How do I practice? I practice by creating random, small pet projects that solve little tasks or create small pet projects of random nifty ideas I get. Not all of these overlap with skills that are used in my day to day job role, but that is not why I practice. I sort of bounce between projects whenever a project I’m working on becomes ‘stale’. A stale project to me is something that I’ve just been hacking away at for too long and I need a break from. It isn’t that I’ve lost interest but that I need a change of pace. I spent 3 years or so working on my NerdBot project, but I didn’t spend 3 years straight working on it. I would take a break for a few months to a year, work on something else, but eventually I would make my way back and work on it again. NerdBot is by far my longest, continually updated “small” pet project (I say small since it started off as a simple idea, but over time it grew into a lot more). Usually when i shift to another pet project, it is because I have another idea in my head and that idea usually requires that I learn something new, so I shift and start learning something new. Hell, for a few months I had an idea of an online text editor that can be used by multiple machines over the internet, and started to learn Node.js in order to start that project. That project is ‘syncpad-server’, which I haven’t uploaded to GitHub yet, but maybe eventually it will find it’s way there, but for now, it is in a private repository since the code is horrible in my eyes (I haven’t read my Node.js Design Patterns book yet). I guess what I’m trying to say is if you have an idea, even if you don’t know how to actually accomplish it, give it a go, you never know what you’ll end up with and what you’ll learn along the way.

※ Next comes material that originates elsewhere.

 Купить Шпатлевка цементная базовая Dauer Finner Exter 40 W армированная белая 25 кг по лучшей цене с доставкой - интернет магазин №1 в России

Why do I practice? Practicing has helped me greatly in my job role and in my personal projects. If it weren’t for the struggles of writing horrible code for years only to go back and try to read it, I wouldn’t be that great at documentation or code comments. I wouldn’t be willing to actually spend time learning new things. If it weren’t for my struggles of trying to refactor old code that I wouldn’t have started reading up on programming principles that helped me write better T-SQL code at work, that tends to be reusable and far easier to understand now than it would have been five years ago. Practicing has helped me save time by allowing me to identity bits of code that I can write in a way that is reusable across projects, so what would have taken me 10 hours before will only take me a few hours now. This not only benefits me, but benefits the unfortunate soul that may have to go back and read through my code, whether it be C# or SQL.

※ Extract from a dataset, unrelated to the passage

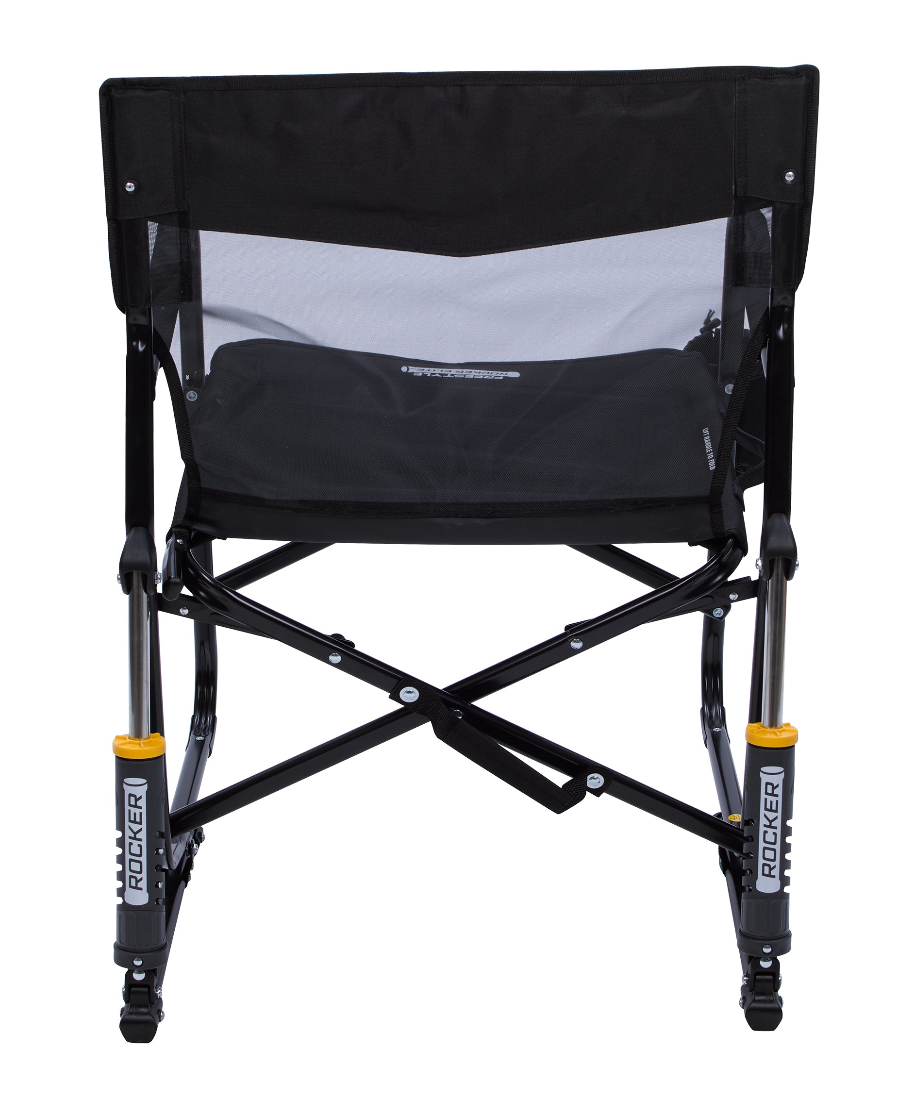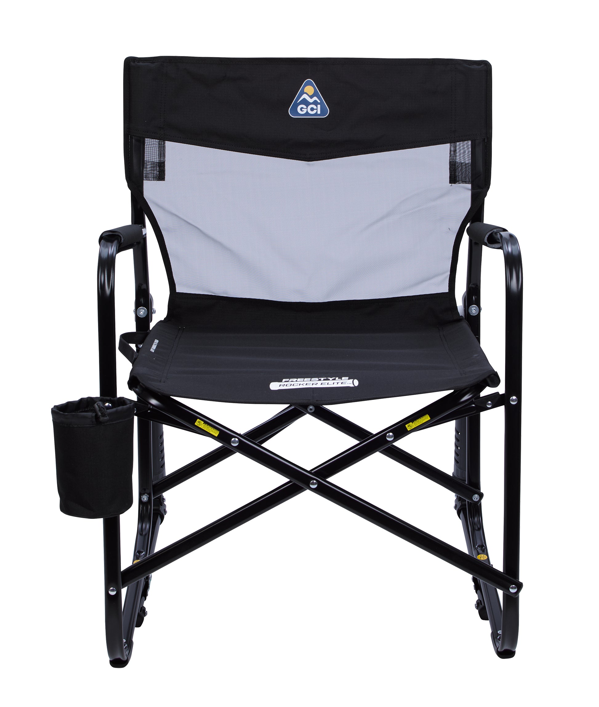 Enjoy smooth rocking motion all day in this chair with GCI Visible Shocks that feature Patented Spring-Action Rocking Technology™. Its infinity comfort edge adds to the comfort, while the breathable seat keeps you cool and relaxed. A drawstring closure drink caddy fits a 34 oz. water bottle, so your beverage is always close at hand. With its built-in handle and Eazy-Fold Technology for quick storage, this chair is the perfect blend of comfort, portability, and practicality for any outdoor setting. GCI Outdoor covers this product with a 3-year limited warranty (excluding imprint). Weight capacity 300 lbs.

Contrary to the quote at the start of this post, I don’t practice so I can get paid well, since after all, I’m not a professional developer. When I practice, it just happens that it is beneficial to my career, kind of as a side effect, which is OK by me. There are times that I have a project at work that requires some knowledge that I don’t have, and I will end up researching it on my own time, because I consider myself a ‘Professional Amateur’ and usually what I learn, I can apply with my side projects. I think that in order to be the best you can be, you have to take some sort of initiative to learn things yourself, but make sure you’re doing it because you want to.

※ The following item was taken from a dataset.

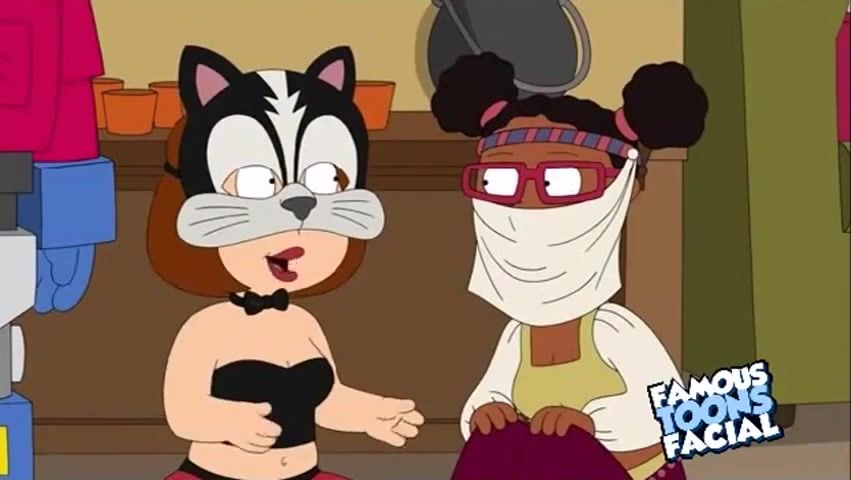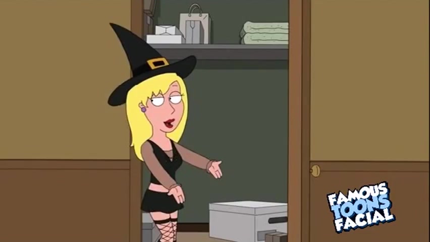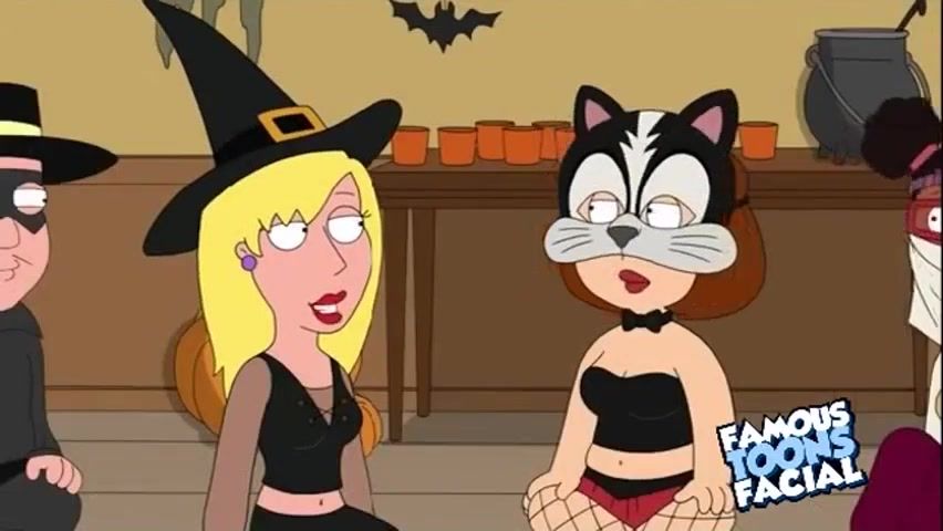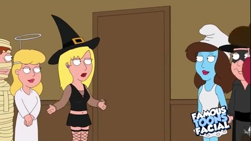Brunette Meg Griffin gets gagged with cock at Halloween party

Edit: Another reason to practice and learn what interests you is if you ever encounter an unfortunate career shift. You could spend half your life doing one thing, without a worry in the world, you know the thing you’re doing and you do it really well, then suddenly the market changes and what you know well is no longer in demand. If you don’t have any other skills to fall back on, you’ll get left behind. That isn’t the reason I practice and learn, but it definitely something to think about. I’m not saying go out and pick up a random skill that you think will always be in demand, but I think picking up additional skills is useful all around.